**WHAT TO WORK ON:** The entries below contain a line with "ويظهر الرسم التوضيحي" and a line with "先黎個前菜,豬頸肉切得厚薄均". Quote exactly those two lines and all lines between them.
----- TASK DATA -----
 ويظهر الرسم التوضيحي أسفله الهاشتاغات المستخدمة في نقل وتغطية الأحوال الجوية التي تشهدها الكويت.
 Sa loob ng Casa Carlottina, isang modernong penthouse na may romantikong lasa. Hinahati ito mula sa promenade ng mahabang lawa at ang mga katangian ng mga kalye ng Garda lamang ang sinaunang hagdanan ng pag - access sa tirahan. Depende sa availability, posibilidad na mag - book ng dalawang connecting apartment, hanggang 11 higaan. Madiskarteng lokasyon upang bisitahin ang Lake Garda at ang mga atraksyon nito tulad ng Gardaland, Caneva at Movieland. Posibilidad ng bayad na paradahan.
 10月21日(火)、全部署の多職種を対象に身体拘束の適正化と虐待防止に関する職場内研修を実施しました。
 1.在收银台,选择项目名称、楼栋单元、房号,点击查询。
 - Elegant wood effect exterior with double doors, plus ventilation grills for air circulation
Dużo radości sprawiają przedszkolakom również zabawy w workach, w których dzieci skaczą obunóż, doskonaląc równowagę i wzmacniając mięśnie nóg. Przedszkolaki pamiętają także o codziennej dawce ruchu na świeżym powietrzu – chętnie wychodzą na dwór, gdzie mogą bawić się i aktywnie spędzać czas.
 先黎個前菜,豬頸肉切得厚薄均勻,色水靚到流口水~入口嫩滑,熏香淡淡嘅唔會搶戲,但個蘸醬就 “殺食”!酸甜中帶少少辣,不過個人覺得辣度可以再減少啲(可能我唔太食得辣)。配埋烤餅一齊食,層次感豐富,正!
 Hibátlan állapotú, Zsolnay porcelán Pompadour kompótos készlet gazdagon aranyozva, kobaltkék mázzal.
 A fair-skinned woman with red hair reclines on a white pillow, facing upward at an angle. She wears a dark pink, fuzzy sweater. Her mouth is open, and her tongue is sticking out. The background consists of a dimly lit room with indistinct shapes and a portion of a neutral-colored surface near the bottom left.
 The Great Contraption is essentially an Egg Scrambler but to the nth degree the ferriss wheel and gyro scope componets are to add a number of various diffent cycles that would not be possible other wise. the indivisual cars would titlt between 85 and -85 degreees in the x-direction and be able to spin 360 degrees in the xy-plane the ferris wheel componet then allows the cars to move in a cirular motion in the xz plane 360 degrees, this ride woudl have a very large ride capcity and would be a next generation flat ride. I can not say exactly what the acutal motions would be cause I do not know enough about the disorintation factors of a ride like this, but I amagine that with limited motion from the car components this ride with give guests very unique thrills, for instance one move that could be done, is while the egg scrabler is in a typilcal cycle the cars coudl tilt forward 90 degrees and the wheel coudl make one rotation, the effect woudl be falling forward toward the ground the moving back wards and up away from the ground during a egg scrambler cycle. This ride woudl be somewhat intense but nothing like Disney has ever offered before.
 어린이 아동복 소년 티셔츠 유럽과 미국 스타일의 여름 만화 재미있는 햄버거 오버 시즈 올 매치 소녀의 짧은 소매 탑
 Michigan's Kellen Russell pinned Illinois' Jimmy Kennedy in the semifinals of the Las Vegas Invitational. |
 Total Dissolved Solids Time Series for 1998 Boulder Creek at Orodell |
-----
----- TASK DATA -----
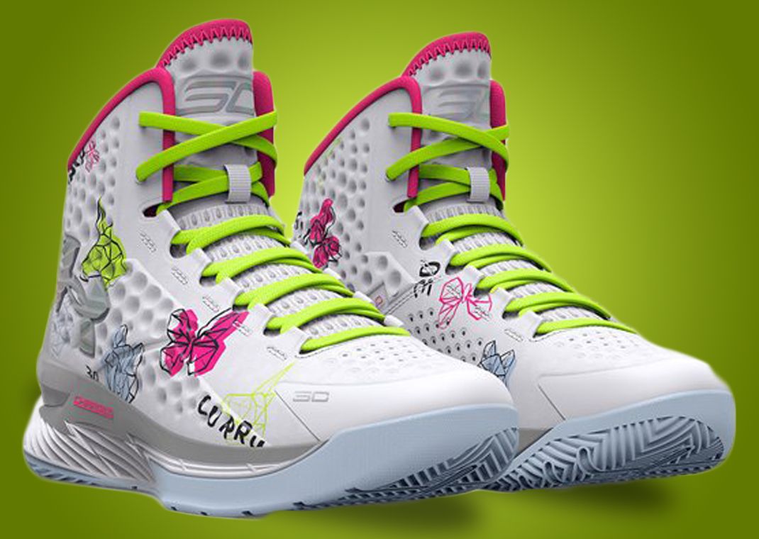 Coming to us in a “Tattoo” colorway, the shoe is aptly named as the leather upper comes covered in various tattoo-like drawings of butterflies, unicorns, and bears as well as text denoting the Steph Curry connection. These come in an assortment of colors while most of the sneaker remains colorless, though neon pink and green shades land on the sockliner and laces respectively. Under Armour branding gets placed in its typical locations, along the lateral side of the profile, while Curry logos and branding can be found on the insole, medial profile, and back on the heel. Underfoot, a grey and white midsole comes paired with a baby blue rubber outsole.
-----
----- TASK DATA -----
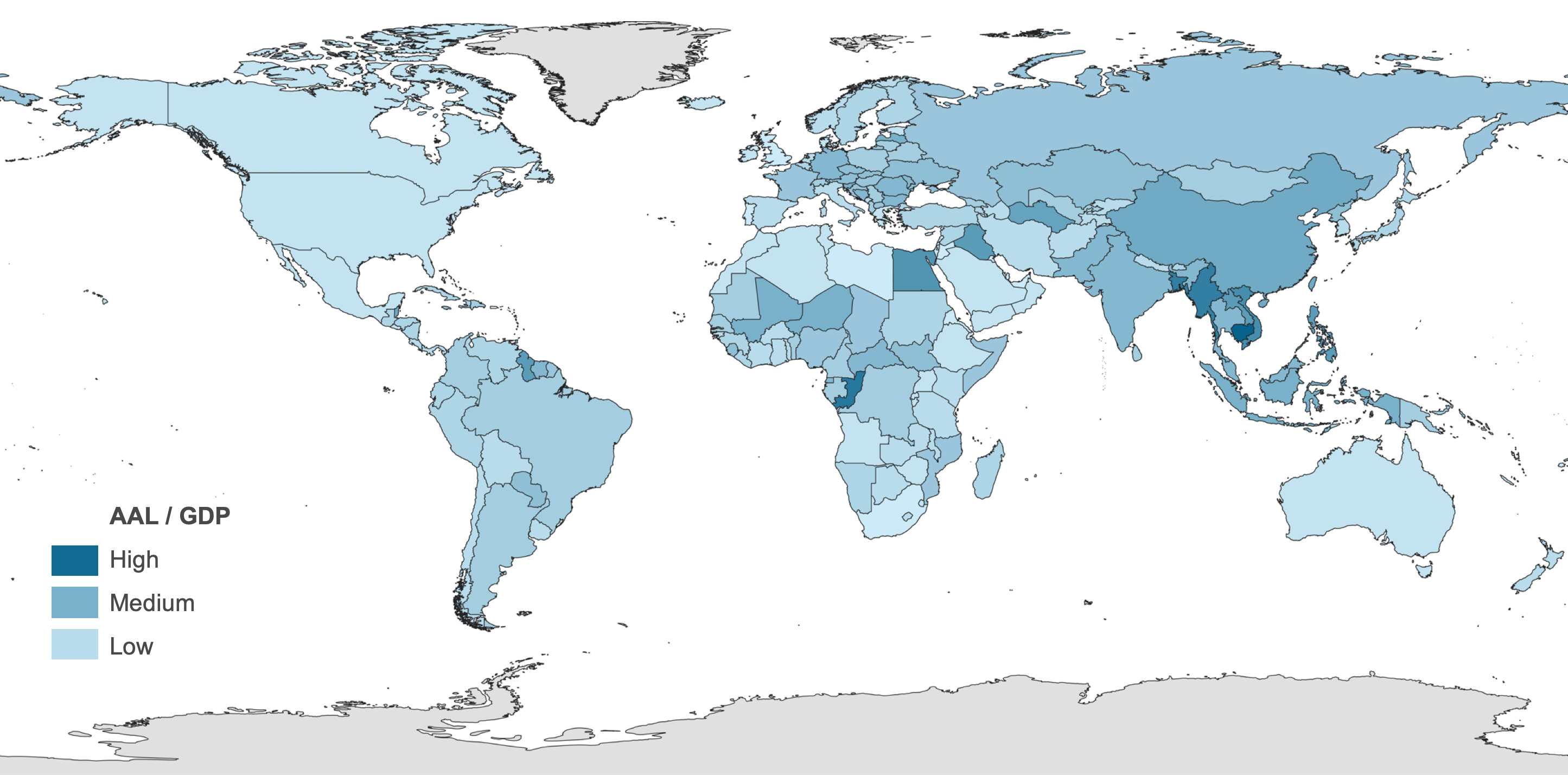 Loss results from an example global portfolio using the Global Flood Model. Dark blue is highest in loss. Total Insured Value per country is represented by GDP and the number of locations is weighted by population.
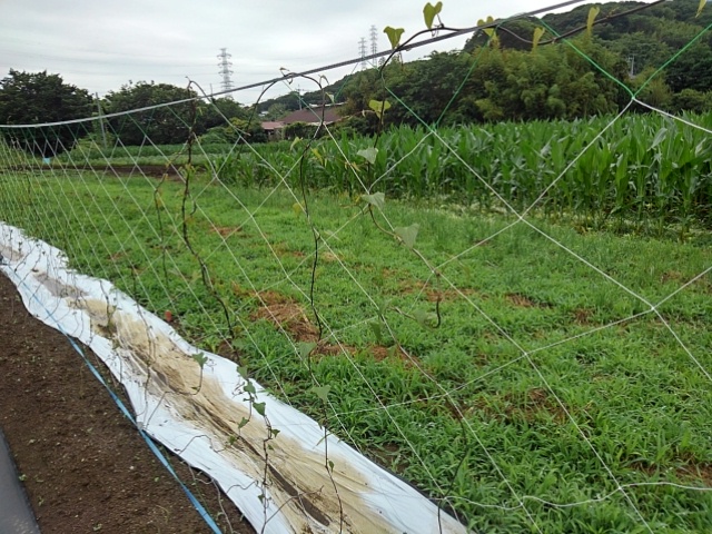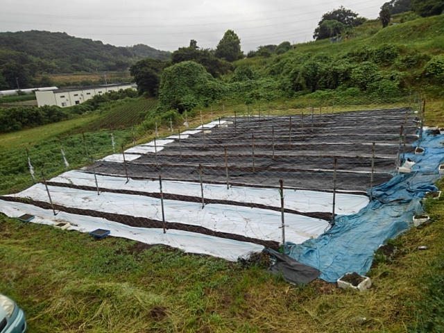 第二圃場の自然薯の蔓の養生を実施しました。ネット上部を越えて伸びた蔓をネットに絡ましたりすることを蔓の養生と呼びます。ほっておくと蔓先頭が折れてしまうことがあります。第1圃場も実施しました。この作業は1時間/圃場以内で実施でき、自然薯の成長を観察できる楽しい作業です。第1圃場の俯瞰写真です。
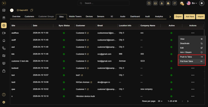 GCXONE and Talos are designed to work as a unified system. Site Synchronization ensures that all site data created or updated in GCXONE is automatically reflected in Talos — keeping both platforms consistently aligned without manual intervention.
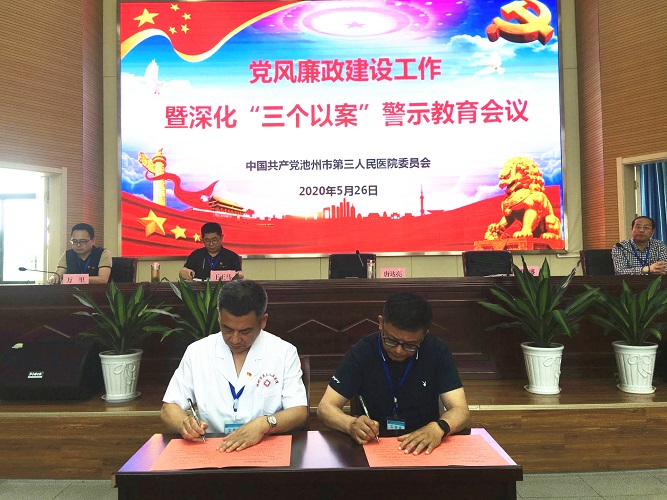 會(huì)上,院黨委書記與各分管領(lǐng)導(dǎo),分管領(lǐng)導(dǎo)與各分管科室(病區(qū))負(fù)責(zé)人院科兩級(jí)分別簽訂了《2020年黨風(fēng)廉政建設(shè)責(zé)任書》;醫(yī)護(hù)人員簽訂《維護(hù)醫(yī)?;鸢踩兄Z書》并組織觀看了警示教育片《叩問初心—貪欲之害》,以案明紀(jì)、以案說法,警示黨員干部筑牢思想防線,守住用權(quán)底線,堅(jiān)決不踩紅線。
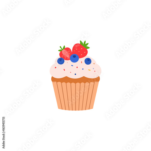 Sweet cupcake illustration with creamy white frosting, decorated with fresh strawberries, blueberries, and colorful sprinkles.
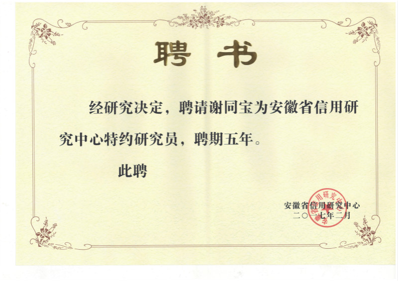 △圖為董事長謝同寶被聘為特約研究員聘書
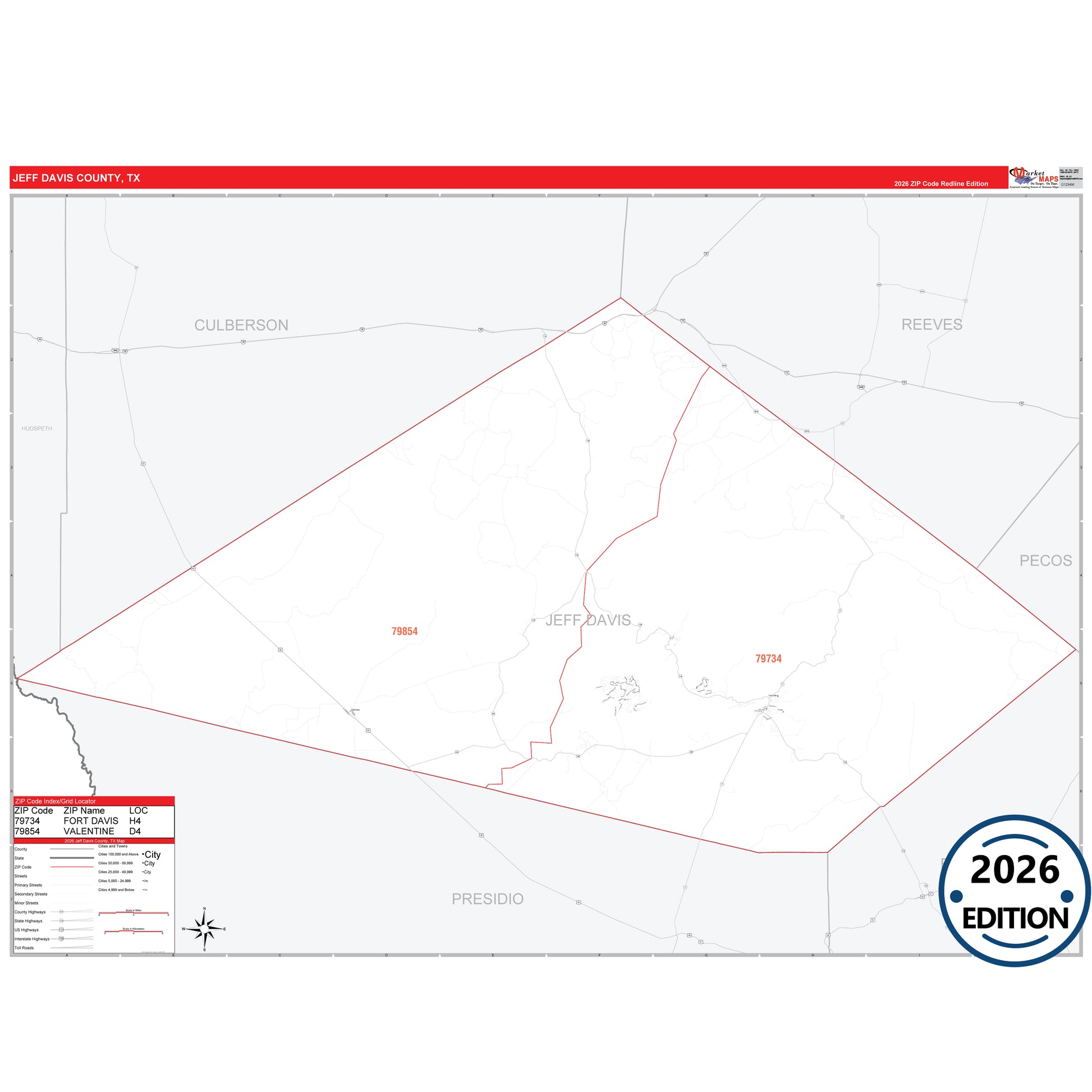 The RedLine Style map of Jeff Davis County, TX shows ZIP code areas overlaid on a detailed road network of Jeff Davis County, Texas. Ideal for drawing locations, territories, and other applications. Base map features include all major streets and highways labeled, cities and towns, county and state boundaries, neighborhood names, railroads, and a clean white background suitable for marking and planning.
-----
**WRITTEN ANSWER:**
 ويظهر الرسم التوضيحي أسفله الهاشتاغات المستخدمة في نقل وتغطية الأحوال الجوية التي تشهدها الكويت.
 Sa loob ng Casa Carlottina, isang modernong penthouse na may romantikong lasa. Hinahati ito mula sa promenade ng mahabang lawa at ang mga katangian ng mga kalye ng Garda lamang ang sinaunang hagdanan ng pag - access sa tirahan. Depende sa availability, posibilidad na mag - book ng dalawang connecting apartment, hanggang 11 higaan. Madiskarteng lokasyon upang bisitahin ang Lake Garda at ang mga atraksyon nito tulad ng Gardaland, Caneva at Movieland. Posibilidad ng bayad na paradahan.
 10月21日(火)、全部署の多職種を対象に身体拘束の適正化と虐待防止に関する職場内研修を実施しました。
 1.在收银台,选择项目名称、楼栋单元、房号,点击查询。
 - Elegant wood effect exterior with double doors, plus ventilation grills for air circulation
Dużo radości sprawiają przedszkolakom również zabawy w workach, w których dzieci skaczą obunóż, doskonaląc równowagę i wzmacniając mięśnie nóg. Przedszkolaki pamiętają także o codziennej dawce ruchu na świeżym powietrzu – chętnie wychodzą na dwór, gdzie mogą bawić się i aktywnie spędzać czas.
 先黎個前菜,豬頸肉切得厚薄均勻,色水靚到流口水~入口嫩滑,熏香淡淡嘅唔會搶戲,但個蘸醬就 “殺食”!酸甜中帶少少辣,不過個人覺得辣度可以再減少啲(可能我唔太食得辣)。配埋烤餅一齊食,層次感豐富,正!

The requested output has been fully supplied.